Utilizada por Mornet, dicha concepción de la historia intelectual ha dado lugar al establecimiento de un cuadro sorprendentemente rico de la vida cultural durante el antiguo régimen. Su libro titulado Los orígenes intelectuales de la Revolución Francesa sirvió de modelo a muchos trabajos de investigación producidos por los historiadores de los Annales luego de la segunda Guerra Mundial, en particular sobre las academias provinciales, la educación, la franc-masonería, los intelectuales, las bibliotecas, el periodismo, la descristianización, la opinión pública y por supuesto la edición y el mercado del libro. Mornet estudió sin embargo esos fenómenos en un marco muy restringido vinculándolos todos a un mismo esquema, para poner en evidencia un movimiento de evolución lineal desde el Iluminismo hasta la Revolución. Por eso la tesis de Mornet se revela en definitiva tautológica. Induce la causa del efecto, retrotrayéndose desde los acontecimientos de 1789 hasta su origen en el pensamiento de Voltaire y otros librepensadores del siglo XVIII. Así, aunque ponga el acento en los intermediarios culturales e instituciones sociales, busca ante todo responsables. En última instancia, la Revolución se inspiró en el Iluminismo y este último surgió de la obra de los grandes filósofos: afirma entonces, efectivamente que “fue culpa de Voltaire y de Rousseau”.***
Para apartarse de los límites impuestos por el modelo de Mornet, los historiadores por entonces vinculados a la Escuela de los Annales abandonaron la historia intelectual en favor de la historia sociocultural. Así, Daniel Roche, Roger Chartier, Jacques Revel, Arlette Farge, Dominique Julia y Michel Vovelle estudiaron las actividades culturales como fenómenos sociales, sin reducirlos a la mera repercusión del Iluminismo. Sus considerables estudios tienen un valor intrínseco innegable pero no responden al problema inicial e insoslayable planteado por Mornet: si los orígenes intelectuales de la Revolución no se remontan al movimiento Iluminista, ¿dónde habría que buscarlos?
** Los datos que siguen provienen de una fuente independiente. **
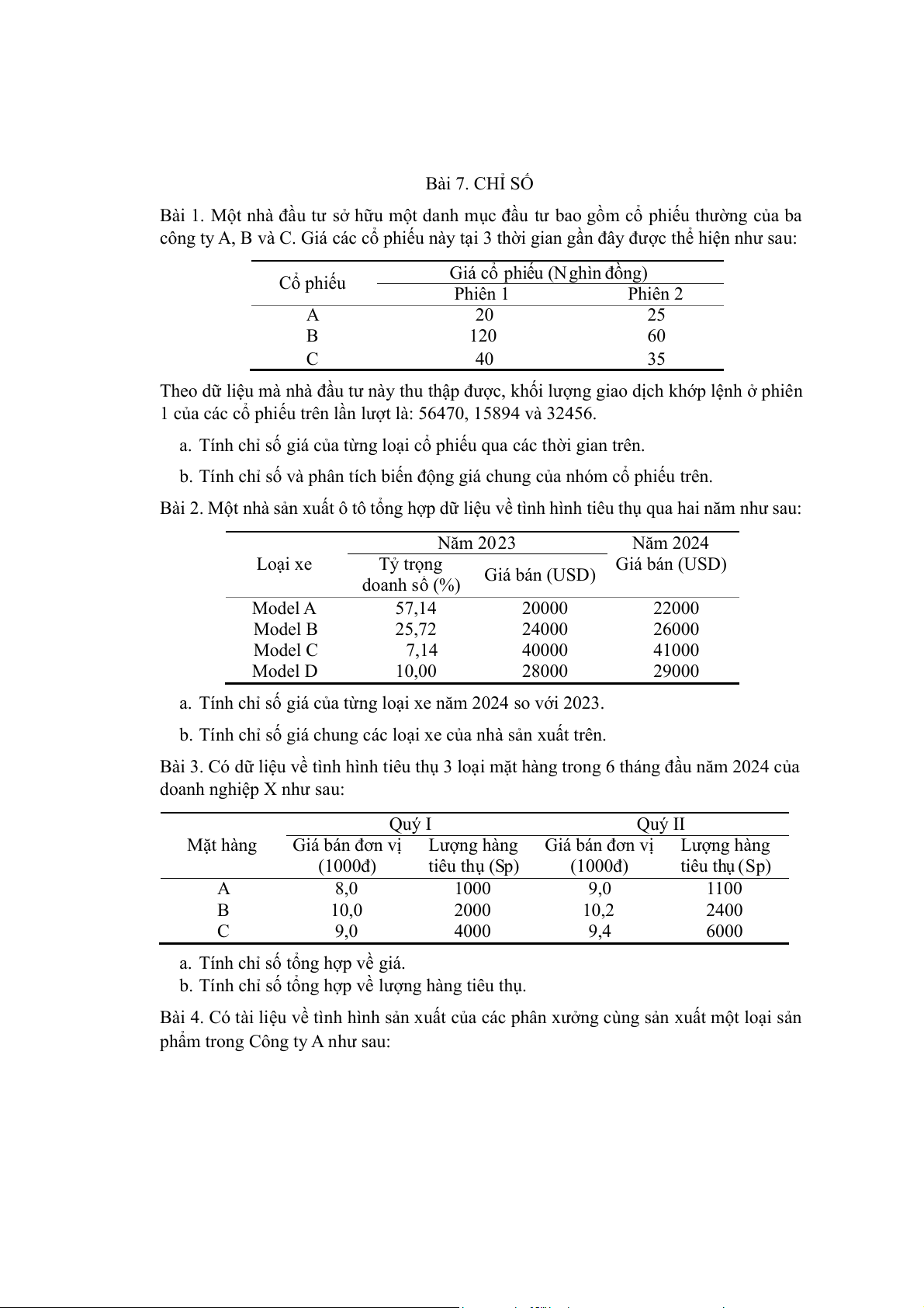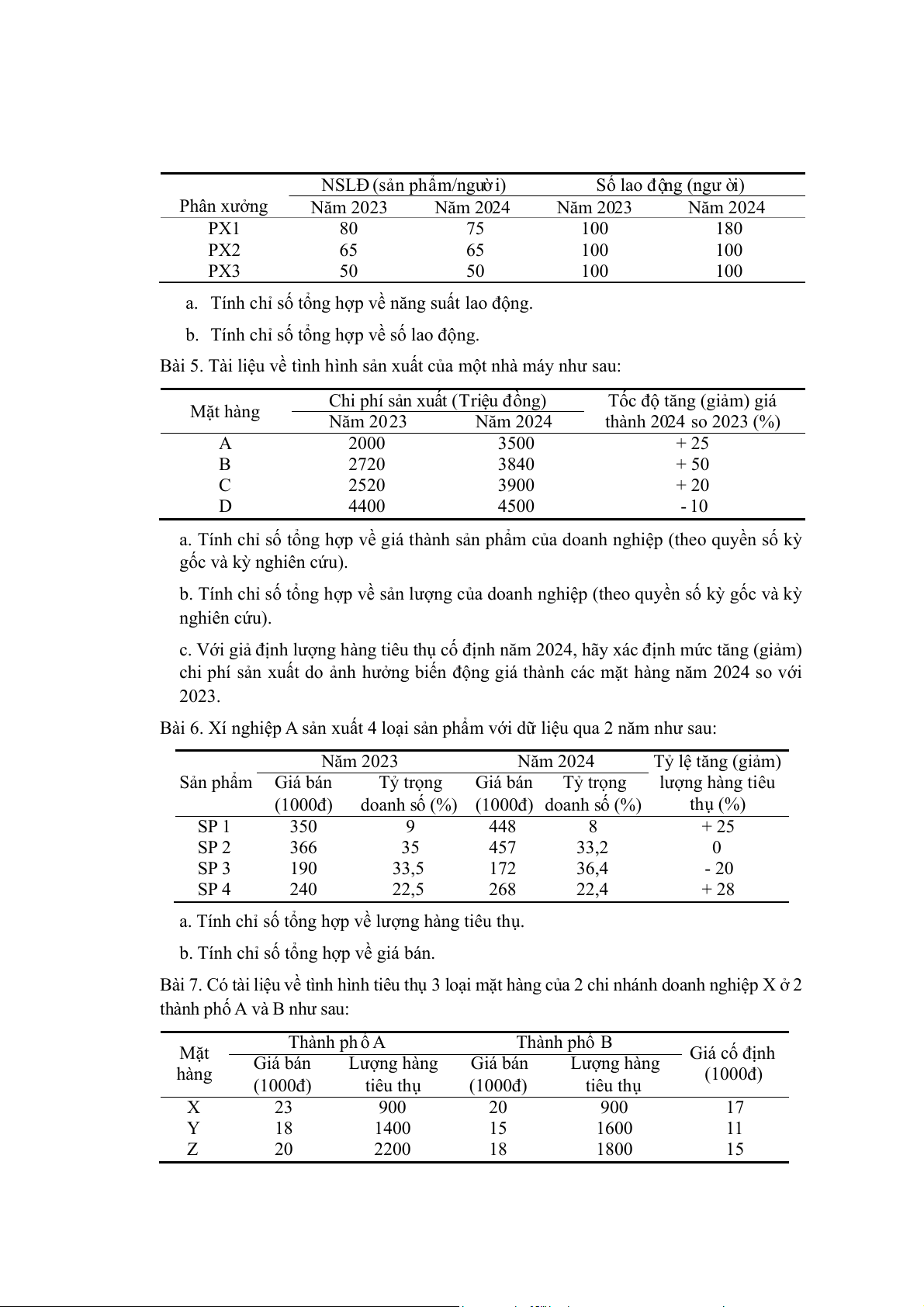 Bài 6. Xí nghiệp A sản xuất 4 loại sản phẩm với dữ liệu qua 2 năm như sau: Năm 2023 Năm 2024 Tỷ lệ tăng (giảm) Sản phẩm Giá bán Tỷ trọng Giá bán Tỷ trọng lượng hàng tiêu (1000đ)

Tal vez esos orígenes sean “culturales” más que intelectuales, si se toma el término cultura en el sentido antropológico de la vida diaria de un pueblo y del sistema simbólico que le da sentido. Al menos es esa la posición adoptada por muchos miembros de la joven generación de la Escuela de los Annales. Ellos exploraron amplios aspectos de la cultura abarcando todos los ámbitos de la vida humana (vida familiar, reglas de cortesía, práctica religiosa, comportamiento sexual, criminalidad, violencia colectiva, trabajo y entretenimientos) y trazaron su topografía. Realizaron un trabajo destacable, que merece toda nuestra admiración. Sin embargo, cuando se intenta vincular esta “nueva historia” con los acontecimientos de 1787-1789 aparece un problema: los cambios de actitud relativos a la familia, a la vida privada, al más-allá o incluso a las ceremonias reales bien podrían haber aparecido sin por ello preparar a los franceses a derrocar el Antiguo Régimen. En efecto, las mismas evoluciones se dieron en toda Europa occidental, en particular en Inglaterra y Alemania, sin haber provocado revoluciones. Ellas participan probablemente de una transformación general, el “desencanto del mundo” descripto por Max Weber, que se desarrolló en la larga duración y abarcó al conjunto de Occidente. ¿Por qué identificar entonces esos cambios con la Revolución en el caso de Francia? ¿Por qué sustituirlos con iluminismo, con jansenismo y con parlamentarismo constitucional para dar cuenta de los orígenes de los acontecimientos de 1789? No pueden ignorarse esas formas de cuestionamiento ideológico so pretexto de que la historia cultural es una mejor herramienta de explicación. Si esta última puede realmente explicar los orígenes de la revolución, debe primero establecer conexiones entre, por un lado, las actitudes y los modos de comportamiento y, por el otro, la acción revolucionaria. Si no lo hace, no habrá hecho más que desplazar hacia otro nivel, el de la cultura en sentido amplio, el problema que ella misma detectó en el modelo de Mornet.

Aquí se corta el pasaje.